Apart from pictures, transcribe exactly each line from the one containing "장소 : 25일 (목)" through the final line of the listing below.

Segment Open

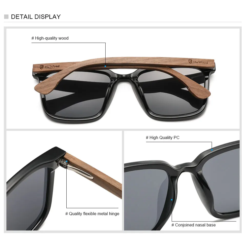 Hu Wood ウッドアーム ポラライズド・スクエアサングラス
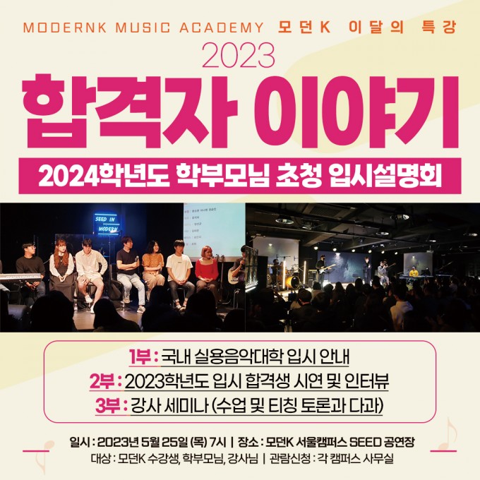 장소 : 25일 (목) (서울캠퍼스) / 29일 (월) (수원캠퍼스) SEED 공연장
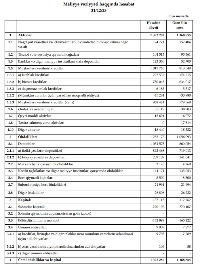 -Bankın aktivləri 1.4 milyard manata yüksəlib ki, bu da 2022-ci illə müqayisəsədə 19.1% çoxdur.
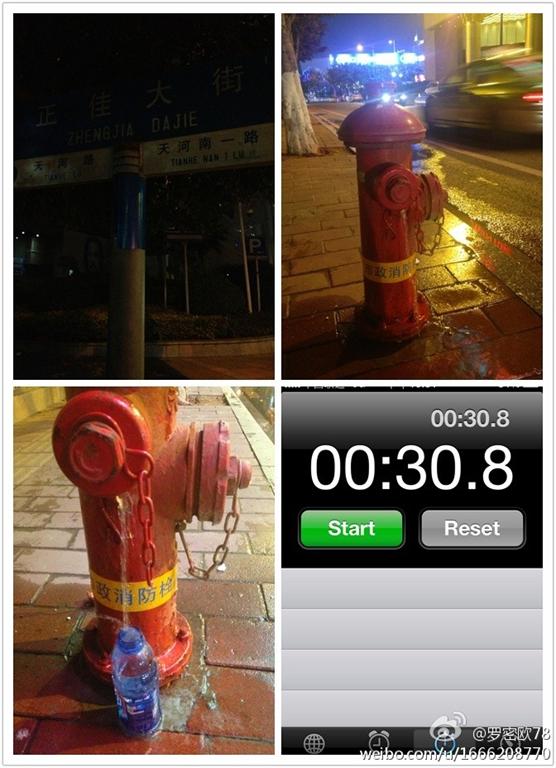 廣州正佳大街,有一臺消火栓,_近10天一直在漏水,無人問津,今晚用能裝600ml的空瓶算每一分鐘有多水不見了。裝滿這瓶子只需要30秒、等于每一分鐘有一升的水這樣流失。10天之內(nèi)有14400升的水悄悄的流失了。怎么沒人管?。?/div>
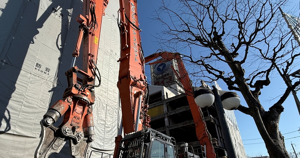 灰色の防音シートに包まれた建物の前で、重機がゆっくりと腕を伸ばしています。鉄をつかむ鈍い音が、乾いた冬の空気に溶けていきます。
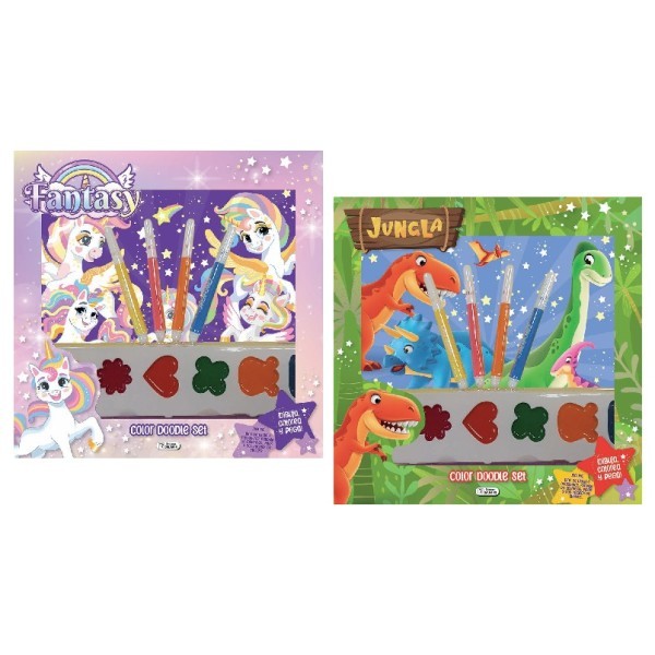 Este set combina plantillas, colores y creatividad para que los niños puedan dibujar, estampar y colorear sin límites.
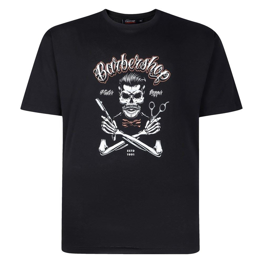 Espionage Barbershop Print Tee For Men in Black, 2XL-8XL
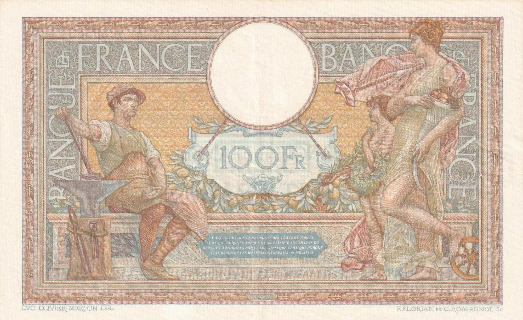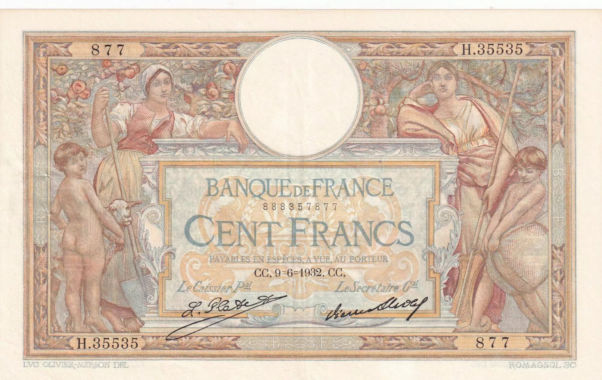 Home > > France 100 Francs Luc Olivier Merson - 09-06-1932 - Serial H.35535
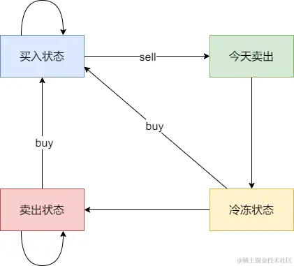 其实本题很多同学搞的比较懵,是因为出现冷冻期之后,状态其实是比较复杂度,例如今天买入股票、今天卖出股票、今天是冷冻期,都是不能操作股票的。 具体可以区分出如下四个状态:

Segment Closed

## Answer section
 장소 : 25일 (목) (서울캠퍼스) / 29일 (월) (수원캠퍼스) SEED 공연장
 -Bankın aktivləri 1.4 milyard manata yüksəlib ki, bu da 2022-ci illə müqayisəsədə 19.1% çoxdur.
 廣州正佳大街,有一臺消火栓,_近10天一直在漏水,無人問津,今晚用能裝600ml的空瓶算每一分鐘有多水不見了。裝滿這瓶子只需要30秒、等于每一分鐘有一升的水這樣流失。10天之內(nèi)有14400升的水悄悄的流失了。怎么沒人管?。?/div>
 灰色の防音シートに包まれた建物の前で、重機がゆっくりと腕を伸ばしています。鉄をつかむ鈍い音が、乾いた冬の空気に溶けていきます。
 Este set combina plantillas, colores y creatividad para que los niños puedan dibujar, estampar y colorear sin límites.
 Espionage Barbershop Print Tee For Men in Black, 2XL-8XL
 Home > > France 100 Francs Luc Olivier Merson - 09-06-1932 - Serial H.35535
 其实本题很多同学搞的比较懵,是因为出现冷冻期之后,状态其实是比较复杂度,例如今天买入股票、今天卖出股票、今天是冷冻期,都是不能操作股票的。 具体可以区分出如下四个状态:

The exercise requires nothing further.